Australia’s Networked readiness —  a World Economic Forum report

Via Business Week’s excel­lent inno­va­tion blog, by Bruce Nussbaum, we came across the World Economic Forum’s lat­est “Networked Readiness” report, the aim of which is to rank nations by “mea­sur­ing economies’capacity to fully lever­age ICT for increased com­pet­i­tive­ness and development”.

Australia ranks a healthy 14th, ahead of Austria, Germany, Japan, France and New Zealand, but behind the likes of Denmark, Sweden (ranked 1 and 2), Korea, Iceland, the UK and others.

I’m not sure that feels entirely right to me (though my cri­te­ria would doubt­less be dif­fer­ent to those used by the WEF — which I’d sum­ma­rize here if they weren’t pub­lished in essen­tially uncopy­able PDF).
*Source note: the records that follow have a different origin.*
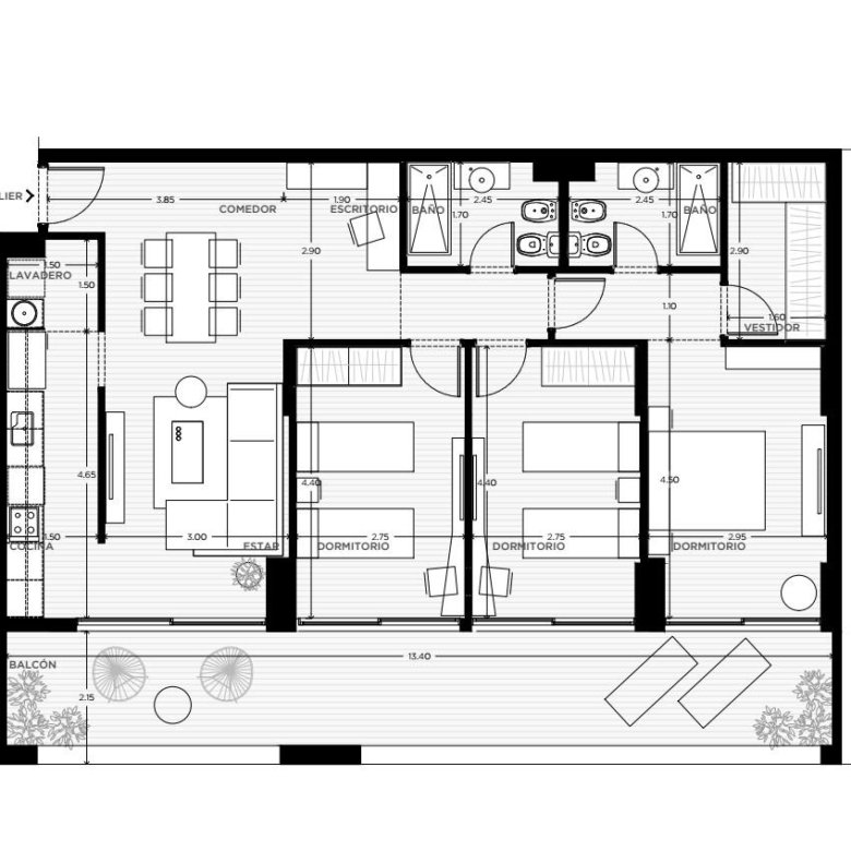 Departamento de tres dormitorios. Al frente con balcón sobre Av Carballo. 138.5 mts exclusivos, 161 mts totales (exclusivos+comunes). Ingreso a living comedor con salida a balcón, cocina separada por barra desayunadora, espacio lavadero. Espacio escritorio, paso a íntimos, tres dormitorios con placares, principal en suite con vestidor, dos baños con bañera.
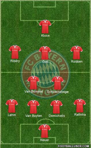 BUTT · BANSTUBED · ARALOA · DEMICHELIS · VAN BUTTEN · SCHWEINSTEIGER · VAN BOMMEL · RIBERY · ROBBEN · KLOSE · T.MULLER
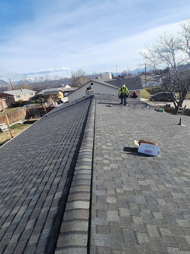 For this project, the Eagle Ridge Roofing & Construction team completed a full roof replacement in Orem, Utah, which included removing two layers of existing shingles before installing new CertainTeed Landmark shingles in Driftwood.
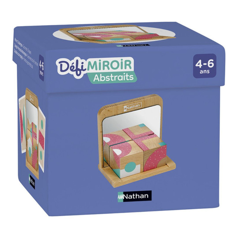 Desafíos con Espejos - Formas geométricas (Nathan): juego manipulativo para comprender el efecto espejo, la simetría axial y trabajar la observación y razonamiento espacial con 24 retos progresivos. Edad 4–6 años.
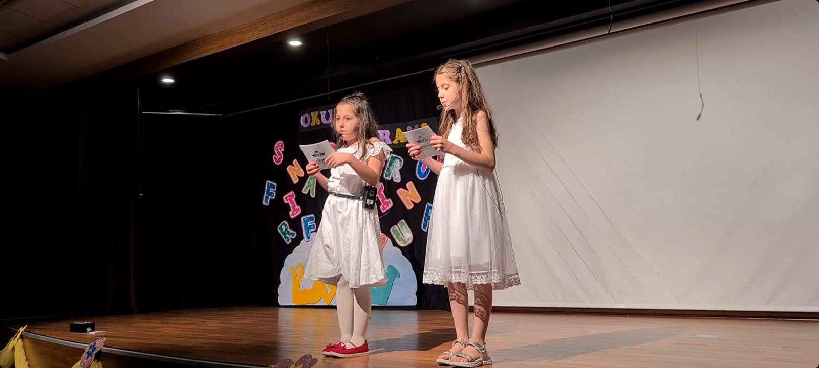 1. Sınıf öğrencilerimiz göz kamaştırıcı gösteriler ile Okuma Bayramı Programı sahnelediler. Kısa zaman da ve büyük emeklerle hazırlanan program renkli ve eğlenceli gösterilere sahne oldu. Genel Müdürümüz İsmail Aydemir’in konuşmasının ardından velilerimiz emeği geçen bütün öğretmenlere teşekkür etmek amacıyla çiçek takdim ettiler.
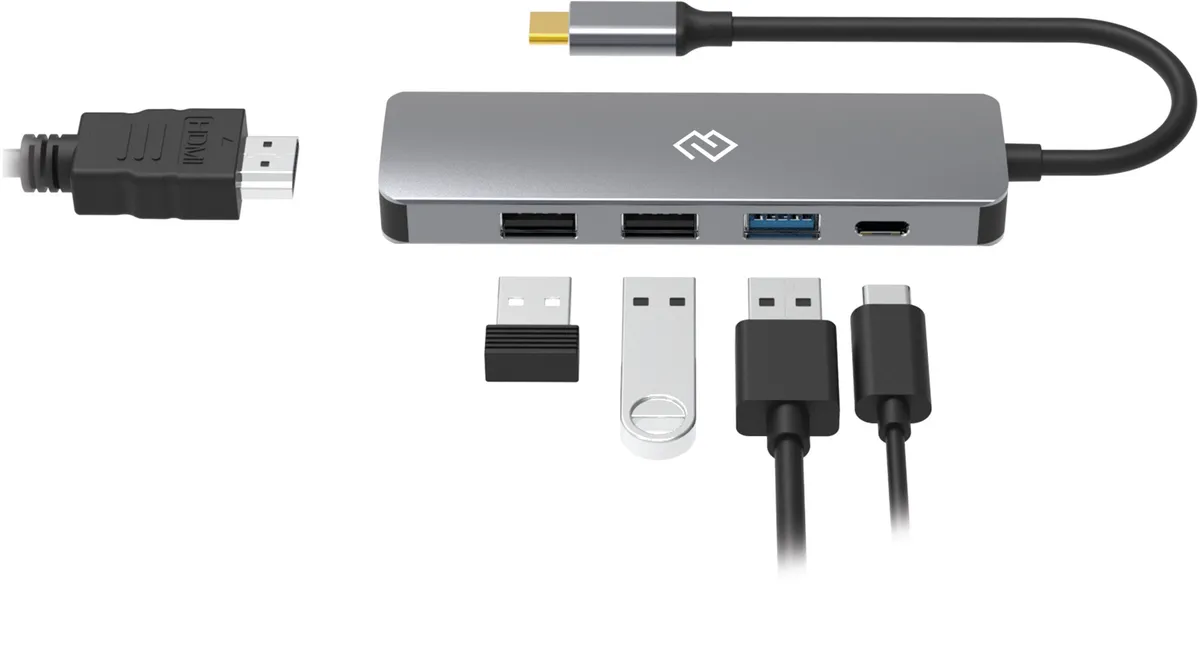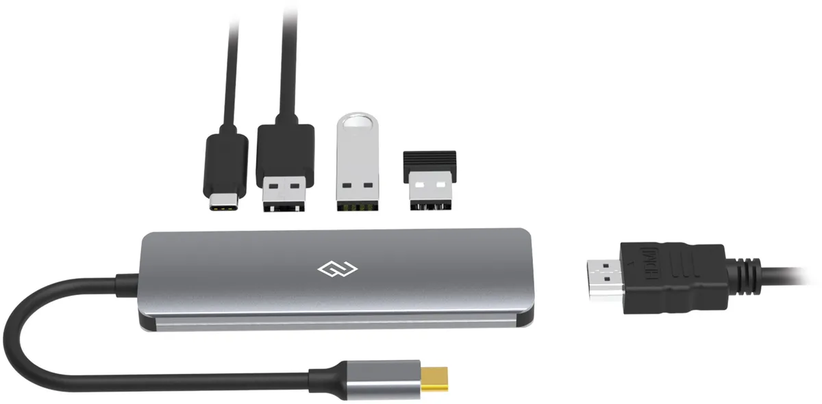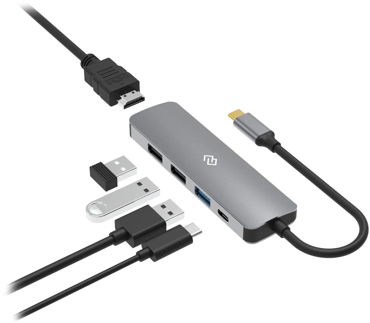 Type-C док-станция DIGMA, 5 портов - 1x HDMI( 4K@30Hz) +1x 3.2 USB-A Gen.1( 5Gbps)+ 2x USB-A 2.0 (480 Mbps) + 1 x USB-C PD 3.0 100W -
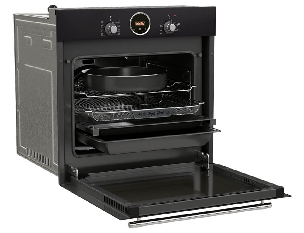 Διαθέτει ένα βαθύ ταψί, ένα ρηχό ταψί, ένα στρογγυλό βαθύ ταψί, μια σχάρα καθώς και ένα airfryer ταψί
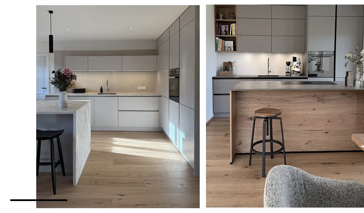 Der Realisierungsprozess startet mit einem 30- bis 45-minütigen Beratungsgespräch, in dem wir Ihre Ideen und Wünsche erfassen, um eine klare Vision Ihrer Traumküche zu entwickeln.
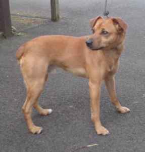 No. 4363: Rhodesian Ridgeback/Staffie Cross, female, approximately 9 months old.
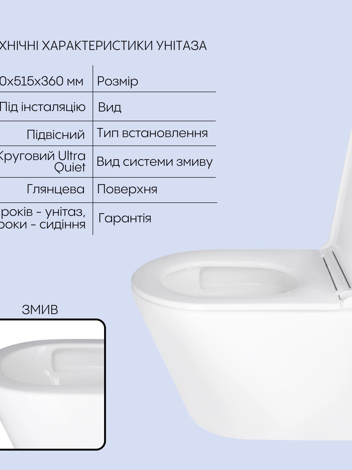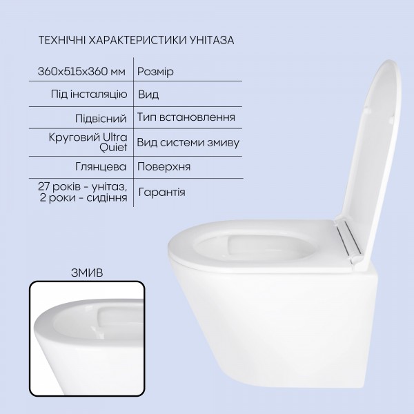 Фірмові технології: Ultra Quite – ультра тиха система змиву.
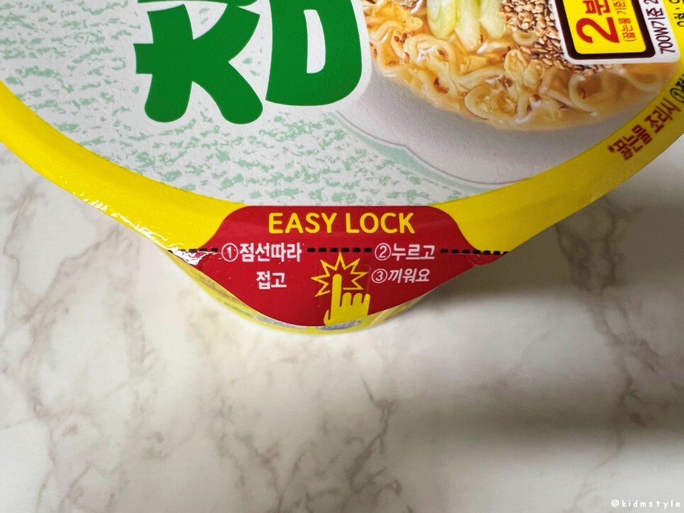 끓는 물을 붓고 점선을 따라 접고 누르고 끼우면 뚜껑을 고정할 수 있는 EASY LOCK
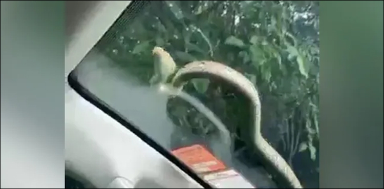 واقعے کی ویڈیو سوشل میڈیا پر وائرل ہوگئی، جس میں دیکھا جاسکتا ہے کہ تیز رفتاری سے چلتی کار کی ونڈ اسکرین پر سانپ نے رینگنا شروع کیا۔

I feel there’s lit­tle time for us to pat our­selves on the back — domes­tic access to decent broad­band infra­struc­ture is poor by world stan­dards (expen­sive and slow), mobile data is hideously expen­sive, with a cou­ple of notable excep­tions (we’ll see whether the arrival of the iPhone will change that), and pub­licly avail­able wire­less net­works are patchy, (there are major domes­tic air­port ter­mi­nals I visit with no access, at any price) and ludi­crously expen­sive by world stan­dards (com­pare Tokyo Narita 3 years ago — $5 a day, with Sydney, $12+ an hour.)